Middle cranial fossa:

  • Formed by: greater wing of sphenoid, temporal bone (squamous and petrous portions)

  • Contents at risk: CN II-VI (optic canal, superior orbital fissure, foramen rotundum, foramen ovale), internal carotid artery (cavernous segment), pituitary gland (sella turcica)

  • Fracture signs: CSF otorrhea (if dura torn and petrous bone fractured with tympanic membrane rupture), hemotympanum, Battle’s sign (retroauricular ecchymosis), CN III/IV/VI palsies, facial nerve (CN VII) injury, vestibulocochlear (CN VIII) injury causing hearing loss or vertigo

Posterior cranial fossa:

  • Formed by: occipital bone, petrous and mastoid portions of temporal bone, dorsum sellae of sphenoid

  • Contents at risk: brainstem, cerebellum, CN VII-XII, vertebral arteries, basilar artery, sigmoid and transverse sinuses

  • Fracture signs: Battle’s sign, CN IX-XII deficits, hemodynamic instability if vascular injury, respiratory compromise

Mechanism of Injury

  • High-velocity blunt trauma: Motor vehicle accidents, motorcycle crashes, falls from height

  • Direct impact: Blows to the occiput, temporal region, or forehead with sufficient force

  • Contre-coup forces: Forces transmitted through the skull vault to the base

  • Axial loading: Falls on feet or buttocks can transmit force through the spine and base of skull (occipital condyle fractures)

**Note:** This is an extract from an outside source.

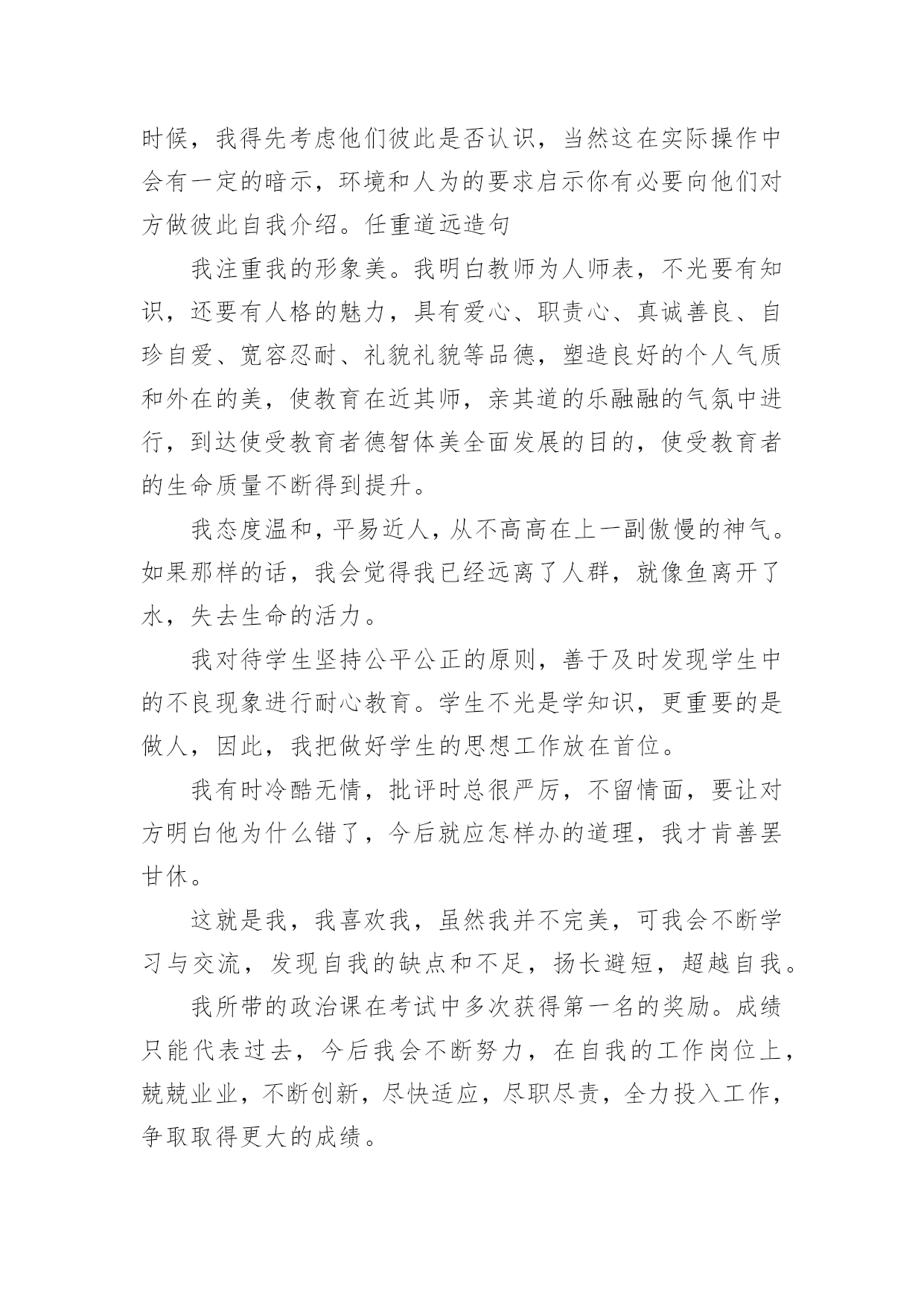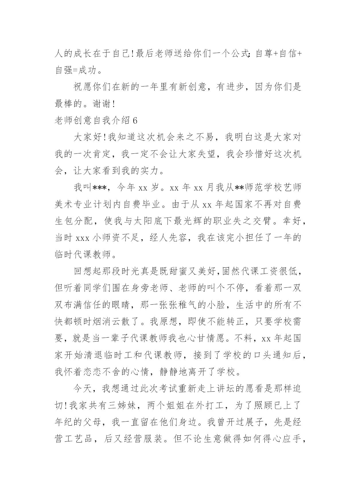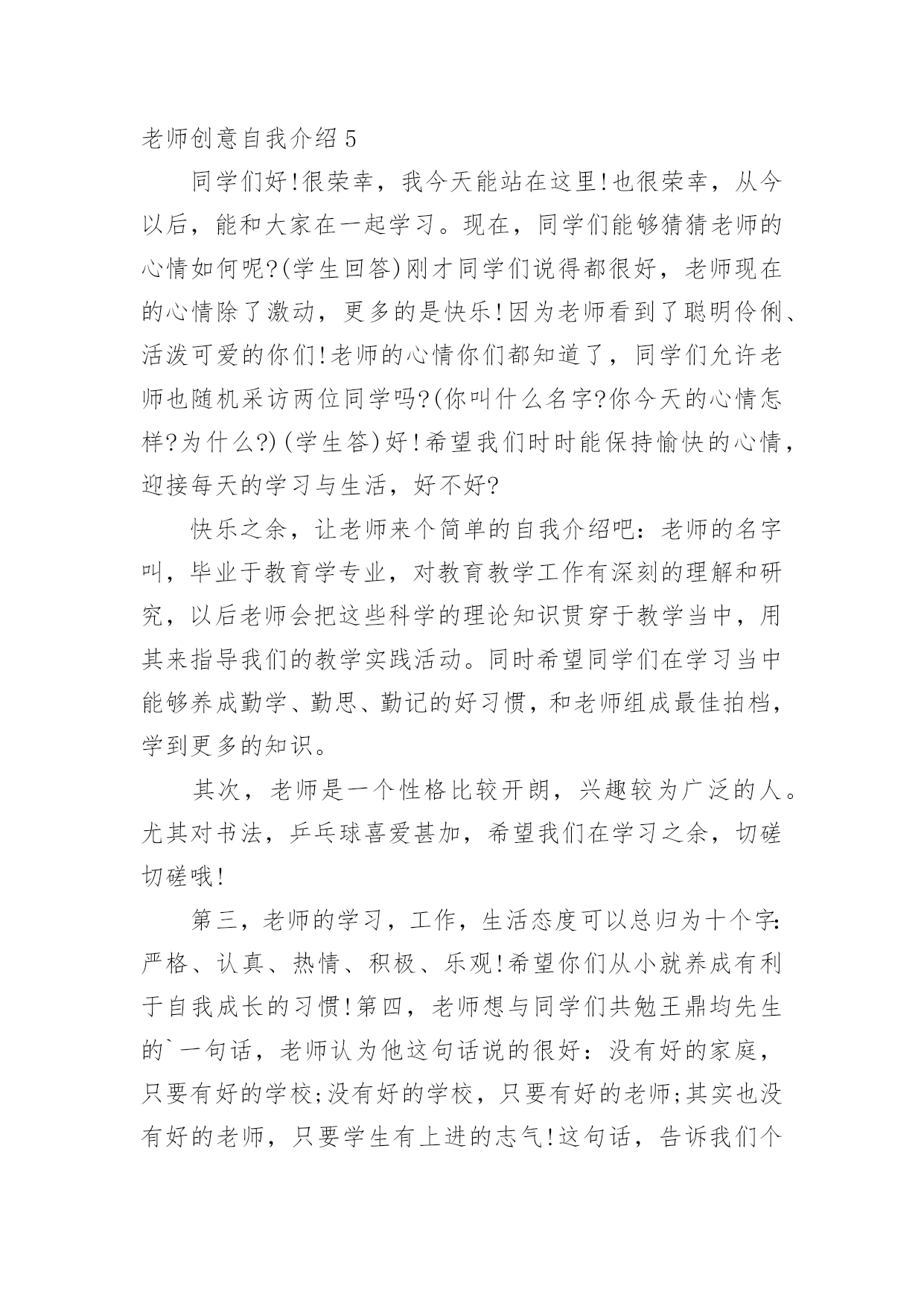 老师创意自我介绍老师创意自我介绍处在一个陌生场合时,我们不得不需要向他人介绍自己,自我介绍是一展示自己的手段。那么自我介绍有什么格式呢?下面是小编为大家收集的老师创意自我介绍,欢迎大家分享。老师创意自我介绍1同学们大家好!很兴奋熟悉大家,固然我们都是初次见面,但我已经迫不及待想要熟悉每一位同学了!首先让我先容下自己吧:我叫李,你们可以叫我李老师,但我更喜欢大家叫我姐,只要不要叫我阿姨就行了。我来自中国科学院电工研究所,天天打交道的东西是如何把我们身边无所不在却又变化莫测的风能变为我们无时无刻不在使用的电能,是不是听起来很玄妙啊!我一开始也是这么以为的,慢慢接触多了才知道无论什么领域的学问,都是从我们生活中最简单的事物和现象开始一步一步积累和发展起来的。就像这学期我们要和大家一同学习的《JA全球市场》这门课,同学们可能一听到这个名字就会产生很多疑问:市场是什么?看不见摸不着;全球市场又是什么?我连国还没出过呢,从小到大就见过那么几个扳着指头就能算过来外国人,这离我太远远了吧!实在同学们不知道,全球市场在我们日常生活中随处可以见到:比如有的男孩子们最钟爱的耐克篮球鞋,女孩子们喜欢的芭比娃娃,我们都喜欢吃的肯得基和麦当劳,这些都可以叫做全球市场。不过全球市场也没有这么简单,它作为一门学科,要牵扯到比如国际法律,人力资源,金融资本等等很多我们不太了解的概念和原理,我们要了解他们,把握他们,最后要把他们运用到日常生活中往,这就是我们来这里的目的。同学们,拿出你们的热情和聪明才智来吧,我们一起学习,一起揭开全球市场的神秘面纱!老师创意自我介绍2大家好!我的名字叫孙健菲。年龄30有1,学历本科。这学期由我担任你们的班主任。让我们一起度过人生美好的学习时光,这是一种缘分,更是一种福分,希望我能成为你们的朋友,也请你们多多关照!学音乐出身的我,唱歌、弹琴、跳舞,样样都会,样样不精。但在组织班级活动上我和其他班主任相比还略有优势。所以我把咱们班的班级特色定为“德艺双馨”。即讲文明有才艺,处处和谐时时奋进。我的爱好不多,尤其对体育爱好避而远之。希望同学们在今后多帮助我,课余时间我们一起锻炼,一起增强体质。本人性格的最大特点就是心直口快,有什么就说什么,看不得拐弯抹角的说话方式,也希望大家说话时敞开心扉,以诚相待。而且我办事的原则是对事不对人。我们互相尊重互相理解。在生活上,我会尽我所能的关心帮助你们。希望我们相处的就是一家人。最后送给大家一首歌曲,希望我们共同奋斗,共同进步!老师创意自我介绍3同学们好,从今天开始我们将一起走过四年。下面我向大家介绍一下自己,我是一位有很多缺点的老师,比如说不会梳头,走路不够平稳,是第一印象给人很没气质的老师,有时还很健忘等。但是你们可别小看我,每天我的学生想什么我基本都能猜到,以前我的学生都叫我董半仙,因为这个原因他们每天对我都非常诚实。同学们一定想知道我喜欢什么,下面我就说说:我喜欢听歌但我不会唱;我喜欢玩篮球但玩的很烂,有时还玩赖;我喜欢和学生一起打雪仗;我喜欢自信的学生,你可以做不好事情,但你有信心把它做好,我认为你就是最棒的;我喜欢有责任感的孩子,如果一个学生懂得承担责任,我就会认为他是最了不起的;我喜欢敢于承认错误的孩子,能够承认错误,相信他就会改正错误,他就会进步;我喜欢懂得尊重他人的孩子,尊重他人是品德高尚的体现;我更喜欢懂得感恩的学生,因为懂得感恩,他心中就会充满爱,心中有爱,我们每天就会快乐;我喜欢每天都有一点进步的学生,但不一定是学习最好的学生;我更喜欢能看到他人优点的学生,而不是经常说别人坏话的学生。相信同学们通过我的介绍对我一定很了解了,我还有一个秘密告诉大家,我还是一个很执着的人,而且是一个懒惰的老师,你们能做的事情我坚决不做,而且还要求你们做得尽善尽美,否则我就会更加执着起来,直到你们做好,例如书桌整理的不够整齐,我就会每天采取不同的办法帮助你整理好。同学们,新初中生活的开始,我们不比起步看进步,不看成绩看努力。老师相信自己能把班级带好,也相信你们四年后都会成为有作为的好青年,让我们一起迎接新的挑战,共创你们未来的辉煌。老师创意自我介绍4我和蔼可亲,性格开朗,乐于交友,酷爱音乐,爱好体育锻炼,追求用心健康的高雅生活情趣。并且能与时俱进,不断提高自我的文化素养,加强道德修养,内强素质,外树形象,用自我的人格魅力教育我的学生,搞好我的教学工作。我不光温柔更是柔中有刚。我对待我的学生很是负责,要求学生养成良好的学习习惯,刻苦认真专心学习,还要遵守纪律。否则,我会单独交流沟通,根据具体状况进行教育。我喜欢我的学生,并且严格要求,我认为严是爱,松是害。学生毕竟是活生生的人不是物,总是有个体差异的,对他们不能偏爱和放下任何一个。教育虽然不是万能的,但不教育是万万不能的,教育每个学生是不可推卸的职

  • Blast injuries: Military/combat contexts; air pressure wave transmitted through the skull base

Clinical Signs and Symptoms

Classic exam findings in skull base fractures:

  • Raccoon eyes (periorbital ecchymosis) — bilateral periorbital bruising from blood tracking through anterior fossa; develops hours after injury

  • Battle’s sign (retroauricular ecchymosis) — bruising behind the ear over the mastoid process; indicates petrous temporal bone or posterior fossa fracture

  • CSF rhinorrhea — clear watery nasal discharge; positive beta-2 transferrin test confirms CSF; indicates anterior fossa dural tear through cribriform plate

  • CSF otorrhea — clear fluid from the ear canal; indicates petrous bone fracture with dural tear and ruptured tympanic membrane

  • Hemotympanum — blood behind the tympanic membrane visible on otoscopy; indicates middle fossa (petrous) fracture

  • CN VII palsy (facial nerve) — peripheral facial weakness; may be immediate (nerve transection) or delayed (edema/hematoma)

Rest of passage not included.